In the financial sector, for example, valuations have fallen sharply as a result of worries over banks’ exposure to bad loans, while insurers are facing the prospect of higher claims resulting from the pandemic. Lower interest rates have squeezed lending margins and put further pressure on the sector. Heather and John see potential in idiosyncratic, company-specific factors that offer potential upside, however. For example, some companies have the potential to cut costs. Investor concerns over credit risk might also be overstated, in some cases, following business changes made in the wake of the GFC.
Being Prepared for a Growth-Value Rotation
Ray Mills invests across the spectrum of growth and value in his longtime role as manager of the Overseas Stock Fund. Ray is currently seeing opportunity in both growth and value shares, although he thinks that the gradual reopening of the economy will eventually favor value—and history suggests the turn could be dramatic when it comes. For this reason, Ray cautions that investors should consider maintaining some exposure to value in their portfolios.
Drilling down to the level of individual sectors and industries, Ray is particularly interested in companies with solid long-term growth prospects but that are currently facing cyclical struggles, which have pushed down their share prices. For example, he’s currently seeing opportunities in some industrial firms with volatile cash flows. Ray also thinks the ongoing trade war between the U.S. and China is creating some emerging opportunities for companies based elsewhere. In particular, he thinks European firms are poised to take some 5G telecom equipment markets away from Chinese giant Huawei.
Focusing on Issuers Positioned to Weather the Storm
Mike Della Vedova, who co-manages the Global High Income Bond strategy, thinks a slow return to normalcy awaits a vaccine and is likely to broadly favor investors in high yield bonds. High yield bond spreads—the additional yield offered over U.S. Treasuries and an inverse measure of the sector’s relative appeal—have come down sharply since investors fled the sector in the early stages of the pandemic. Mike expects spreads to remain generally steady in the coming months assuming the global economy gradually heals, which should allow investors to continue enjoying attractive current income.

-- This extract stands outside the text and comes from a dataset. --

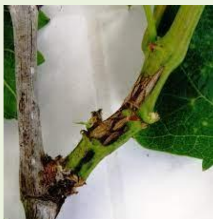
Εικ. 1 Φόμοψη σε ετήσιο βλαστό.

Η ασθένεια προκαλεί σημαντική ζημιά ιδιαίτερα όταν οι καιρικές συνθήκες είναι ευνοϊκές την τρέχουσα περίοδο. Ο μύκητας διαχειμάζει στο φλοιό προσβεβλημένων κληματίδων. Βροχοπτώσεις και ήπιες σχετικά θερμοκρασίες από τον Φεβρουάριο έως και τον Απρίλιο, ευνοούν την εμφάνιση της ασθένειας. Ο μύκητας προσβάλλει ετήσιους βλαστούς, φύλλα και βότρες. Η μεγαλύτερη προσβολή παρατηρείται στα μεσογονάτια διαστήματα και πιο κοντά προς την βάση της κληματίδας. Κατά την προσβολή δημιουργούνται σκουρόχρωμες νεκρωτικές κηλίδες που εξελίσσονται σε έλκη και επιμήκη σχισίματα. Σε έντονες προσβολές οι κληματίδες γίνονται πιο εύκαμπτες και κατά συνέπεια πιο εύθραυστες. Στα φύλλα εμφανίζονται κυκλικές νεκρωτικές κηλίδες κίτρινου χρώματος με σκούρο κέντρο. Τα προσβεβλημένα από τον μύκητα φύλλα, ξηραίνονται και πέφτουν.

Mike thinks certain sectors and industries also offer the potential for price appreciation. Mike is especially interested in issuers whose bonds have sold off as their markets have struggled but who also have the potential cash flow to weather the storm. The pandemic has upended the global auto market, for example, but Mike believes that some auto parts makers are trading cheaply and are poised to recover. At the same time, Mike cautions that many less resilient firms won’t survive. Mike and his team currently expect that around 9% of U.S. high yield issuers will default in 2020, while around 5% of their European counterparts will suffer the same fate.

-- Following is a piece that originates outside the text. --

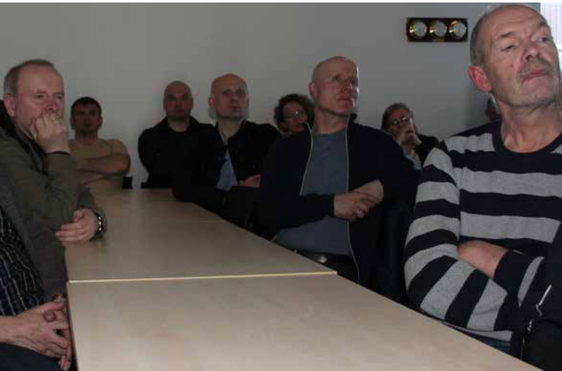
Fundarluttakarar á aðalfundi felagsins 26. mars 2014.05.14.

royna Trygdargrunnin, men ekki øll krøv verða góðkend. Tað ringasta ein kann gera, um arbeiðsgevarin ikki rindar tað hann skal, er at halda seg passivan. Kemur eitt krav til dómstólin um t.d. manglandi eftirløn, og handverkari ikki leypandi hevur gjørt vart við hetta hjá arbeiðsgevaranum, verður eitt slíkt krav, sum oftast avvíst. Tí er tað sera umráðandi at gera vart við seg, tá slíkt hendur. Eitt sum er minst líka umráðandi er, at handverkarin krevur av arbeiðsgevaranum, at fáa lønar-

Looking Beyond the Benchmarks
Focusing on the performance of the headline benchmarks inevitably obscures important disparities in the performances of individual sectors, regions, and companies. I believe one advantage of T. Rowe Price’s extensive research platform and strategic investing approach is that we keep an eye on outliers where other investors are underestimating the long-term potential for further gains. No matter where the indexes go from here, I will look forward to updating you on where T. Rowe Price global teams’ of investment professionals are seeing those opportunities in the months to come.